Are you not dead yet

De par le fantôme de son identité qui s'écroule sous le Macdo

Il espère de moi un mode d'emploi


Pour survivre aux Automnes d'Hiver

On enfile des 647 sous des quarters

Refusant le froid, gardant la petite laine dans le placard

Avec le squelette du vieux René


[Texte hommage à Feu Denis Vanier par Nicolas Jodoin

Fut-il le dernier des tragiques]

25 octobre 2008

And now it's over

Toutes ces prophéties que nous faisions a-propos de notre fin

Se sont accomplies

J'ai trop souffert, je fuis

Méli aime Nico qui aime Méli

C'était vrai. Et ce l'est toujours

Mais c'est fini

14 octobre 2008

La perfection (FICTION)

Des larmes, des larmes, elle ne sait faire que de larmes. Pleure, petite, pleure. Tes larmes houleuses n'hydrateront pas ma soif de liberté. Je suis volage, je suis vagabond de cœur comme toi tu puis l'être de pied.
—Esteban! Comment as-tu osé?
Osé. Oser. Verbe si chéri par mon être, si adoré par mes cellules. J'ai voulu osé toute ma vie et on a osé qu'à mes dépend. Osé la fait souffrir et sa souffrance me fait jouir. La jouissance d'un pouvoir.
—Amour. Dis-je.
—Non. Dédaigne-t-elle. Plus de ce mot matraque. Plus de ce mot oxygène, me tuant à petit feu tout en me gardant en vie. L'asphyxie m'attend, je la veux. Oh. Je la souhaite. Dégage, aime-moi, repousse-moi.
Silencieux, je me veux mort et libre. Je nous veux entiers, mais séparés.
—Crève, vit, avec moi ou sans moi. Non reste. Je t'en supplie.
Ses genoux se plient sous sa honte. J'aimerais pleurer avec elle. Mes émotions de glace me l'empêchent. Je vais partir. Oui. Esteban a gagné.
Puis... Il est question de nombre. Le numérique a tant régi notre vie, nous en avons tant fait éloge qu'il est une machine dans notre tête. Un montage sans fin, créant et recréant des "À quelle fréquence, distance, combien de fois?"
—Combien de fois, Esteban mon amour? Combien de fois m'as-tu trompée?
Ah narcissisme élémentaire.
—Pourquoi crois-tu être celle qui a été trompée? Peut-être es-tu l'amante, peut-être n'es-tu rien de tout cela. Si cela se trouve tu as été un oubli ou une cachotterie pendant des mois. Possiblement une erreur dégoûtante, telle une gomme à mâcher collée sur mon running que j'aurais décollé pour mâchouiller en secret. Peut-être n'as-tu été rien de tout cela, ou tout à la fois.
Le narcissisme me tue. Je la quitte. Parce que j'ai gagné. Pour une fois, la femme, l'horrible, n'aura pas eu raison de mon être. J'ai été libre. J'ai été vraie.
J’assume l’amour comme une connerie, comme une quête de phéromone perpétuelle.

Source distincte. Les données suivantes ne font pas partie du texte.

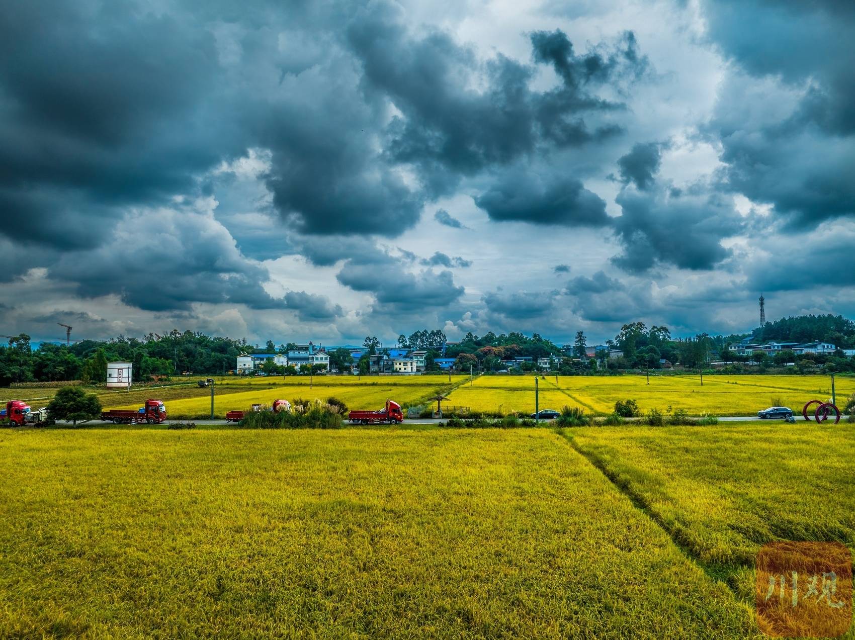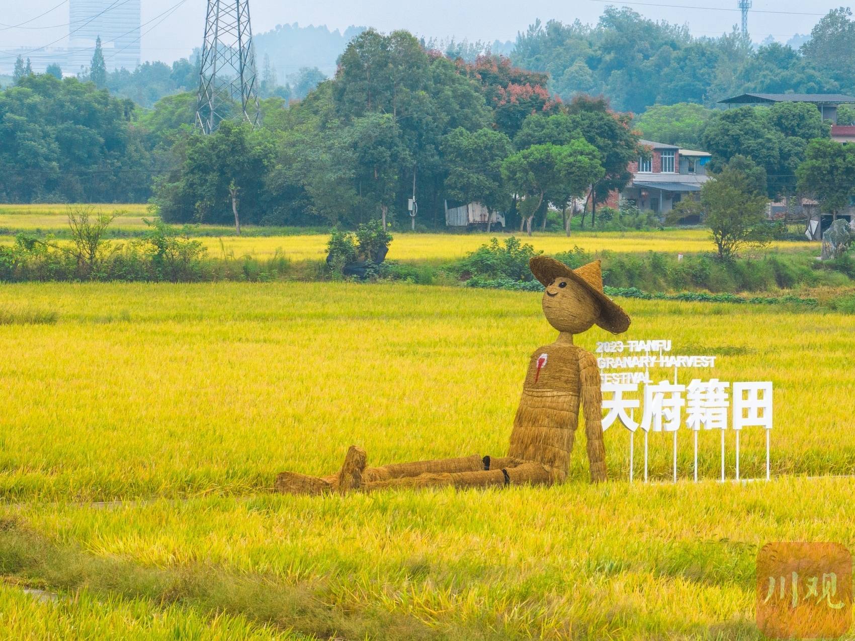 天府粮仓高标准粮油示范基地,金色田园中一个稻草人仰望天空,让人仿佛置身童话世界 。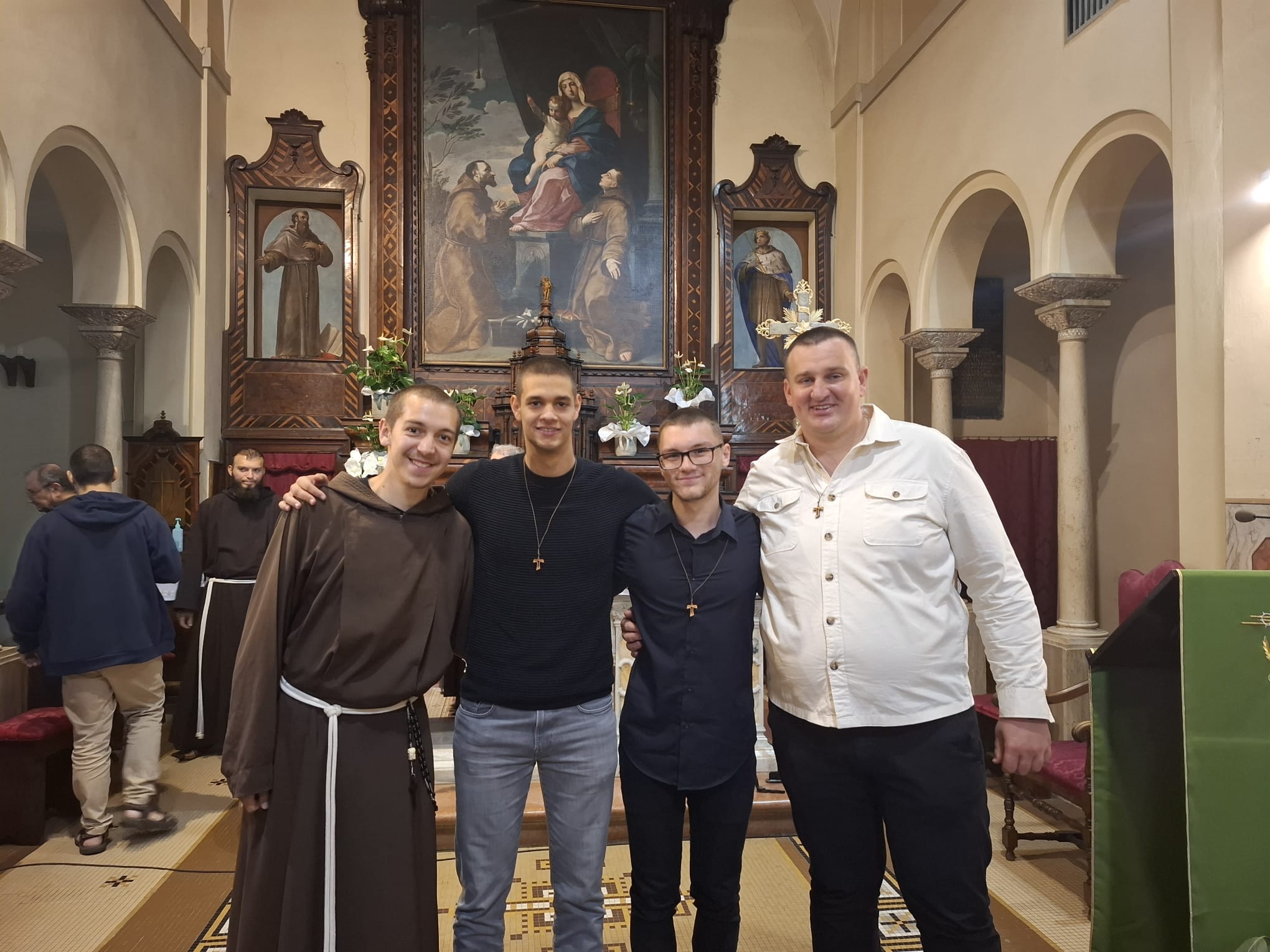 Dana 16. listopada 2025. godine naša tri kandidata – Krunoslav Pavković, Marin Ivanišević i Mario Dermišek zajedno s još šestoricom mladića iz Italije i Francuske primljeni su u našu Međuprovincijsku postulaturu u Scandianu. Na obred primanja pristigao je iz Tortone i naš novak Fran Poljak.

Je crois que l’homme n’est pas fait pour être monogame. Personne ne nous plaît parfaitement sur tous les plans. Il doit y avoir quelqu’un pour notre sexualité, pour notre humour, pour notre écoute et pour notre besoin d’écoute. Quelqu’un à serrer, à regarder dans le silence et quelqu’un à embrasser. Je pars oublier toutes ces erreurs de ma vie, ces femmes qui m’ont possédé, pour devenir leur Don Juan.
Les bons gars finissent dernier? Alors je serai le dernier des perdants.
La perfection se moulera à moi.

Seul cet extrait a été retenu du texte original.